On the last day of radiation therapy, we left Houston, Texas, and drove to Jacksonville, Florida, to rent a U-Haul and drive my parents’ estate items that we wanted back home. She drove, by herself, five hundred miles each day for two days – seventy-two hours after her last radiation treatment. That made a believer out of it for me.

Based on that personal experience, I unequivocally recommend that balanced nutrition become a daily part of a healthy life. The Wahls Protocol diet provides over 30+ nutrients the body needs daily. If a deficiency or multiple deficiencies exist, why not correct those quickly by eating right. Now you can eliminate nutrient deficiency as a cause.

Inflammation at the cellular level is the genesis of at least 90% of all diseases. The brain is like most organs in our bodies. It is protected by a blood-brain barrier to keep it healthy. However, things do creep in. Sugar (carbs) increases blood glucose levels. In moderation, our bodies work well.
What happens when moderation is not in our lexicon?

Brain Inflammation High blood sugar, chronic stress, food intolerance, and more can increase inflammation in the brain. Antioxidants tame inflammation. Oxidative stress occurs when inflammation consistently overpowers the levels of antioxidants in the body.

One antioxidant I recommend is PQQ (pyrroloquinoline quinone – ( It can pass through the blood-brain barrier and reduce inflammation. Most antioxidants are used once, and they are done.
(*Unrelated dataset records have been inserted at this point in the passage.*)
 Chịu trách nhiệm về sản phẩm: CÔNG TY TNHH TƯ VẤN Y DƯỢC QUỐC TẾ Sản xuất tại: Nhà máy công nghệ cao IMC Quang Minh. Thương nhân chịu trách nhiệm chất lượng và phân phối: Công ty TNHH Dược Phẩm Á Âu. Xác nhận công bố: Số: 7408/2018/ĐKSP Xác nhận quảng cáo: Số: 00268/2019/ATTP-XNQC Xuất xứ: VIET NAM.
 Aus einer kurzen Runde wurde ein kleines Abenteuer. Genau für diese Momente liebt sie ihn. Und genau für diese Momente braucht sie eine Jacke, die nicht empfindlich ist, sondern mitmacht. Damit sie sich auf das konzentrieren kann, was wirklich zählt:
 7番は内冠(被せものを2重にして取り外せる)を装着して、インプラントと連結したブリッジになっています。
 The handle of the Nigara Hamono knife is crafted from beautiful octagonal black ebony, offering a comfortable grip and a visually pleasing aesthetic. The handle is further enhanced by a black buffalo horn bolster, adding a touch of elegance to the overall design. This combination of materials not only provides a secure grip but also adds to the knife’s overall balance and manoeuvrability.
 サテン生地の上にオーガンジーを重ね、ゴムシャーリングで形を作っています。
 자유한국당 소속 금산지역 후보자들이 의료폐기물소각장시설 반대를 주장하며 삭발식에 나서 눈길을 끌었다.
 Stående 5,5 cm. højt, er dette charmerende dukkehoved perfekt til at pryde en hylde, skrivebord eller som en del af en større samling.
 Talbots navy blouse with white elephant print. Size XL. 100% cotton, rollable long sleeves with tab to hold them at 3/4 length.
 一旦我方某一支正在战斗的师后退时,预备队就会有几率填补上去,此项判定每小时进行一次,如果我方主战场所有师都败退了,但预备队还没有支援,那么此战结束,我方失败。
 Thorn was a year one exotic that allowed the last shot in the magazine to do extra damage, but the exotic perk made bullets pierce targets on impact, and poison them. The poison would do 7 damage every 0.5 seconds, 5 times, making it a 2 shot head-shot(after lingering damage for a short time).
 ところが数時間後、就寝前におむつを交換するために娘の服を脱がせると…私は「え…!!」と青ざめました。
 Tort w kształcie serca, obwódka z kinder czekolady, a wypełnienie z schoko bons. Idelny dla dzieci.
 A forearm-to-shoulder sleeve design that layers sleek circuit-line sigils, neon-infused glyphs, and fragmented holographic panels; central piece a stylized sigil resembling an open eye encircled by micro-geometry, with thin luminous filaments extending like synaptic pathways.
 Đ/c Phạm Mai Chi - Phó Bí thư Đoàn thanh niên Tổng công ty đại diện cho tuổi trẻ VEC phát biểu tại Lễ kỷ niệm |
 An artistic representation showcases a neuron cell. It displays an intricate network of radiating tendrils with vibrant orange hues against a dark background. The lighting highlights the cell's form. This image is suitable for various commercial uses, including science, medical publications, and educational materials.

They have an extra electron to donate to shut down a free radical without becoming a free radical after the donation.

PQQ can be regenerated 20,000 times or more – one molecule in the brain is effectively an army of twenty thousand. In my brother-in-law’s case, he was on supplemental PQQ for a couple of months before results were seen – fantastic results. Then, he returned to the everyday world for over a year.


The first thing I would do if I thought a loved one had early symptoms of dementia is to get a CRP (c-reactive protein) test. It is an inexpensive blood test that can be obtained for under $100 (in some cases $12.95 – Google it). That tells quantitatively how much inflammation there is in the body. It will not tell you where, but it will be a good start. That test result and a physician’s visit would be a place to start.

The next thing to consider is changing the daily diet to minimize calories and maximize nutrition (Wahls Protocol). My wife saw results in 72 hours. I would not go to the bank on that testimonial evidence! Identify and remove as many toxins as possible. This includes the foods you buy and specifically the personal care products you use.

Exercise and stress management should be discussed with your doctor, especially on any prescription medications. We want our bodies to function as close to normal as we can. As we address diet, exercise, stress, and more, our immune function improves, which helps fight against disease.

AD is challenging to address when you have many answers in advance. Buying an extra few years might be the best result. It took years for AD to develop, and it cannot be corrected after the horses have left the barn. I have an AD book nearing publication (hopefully this month). It is a compilation of my forty articles and other vital brain-health suggestions.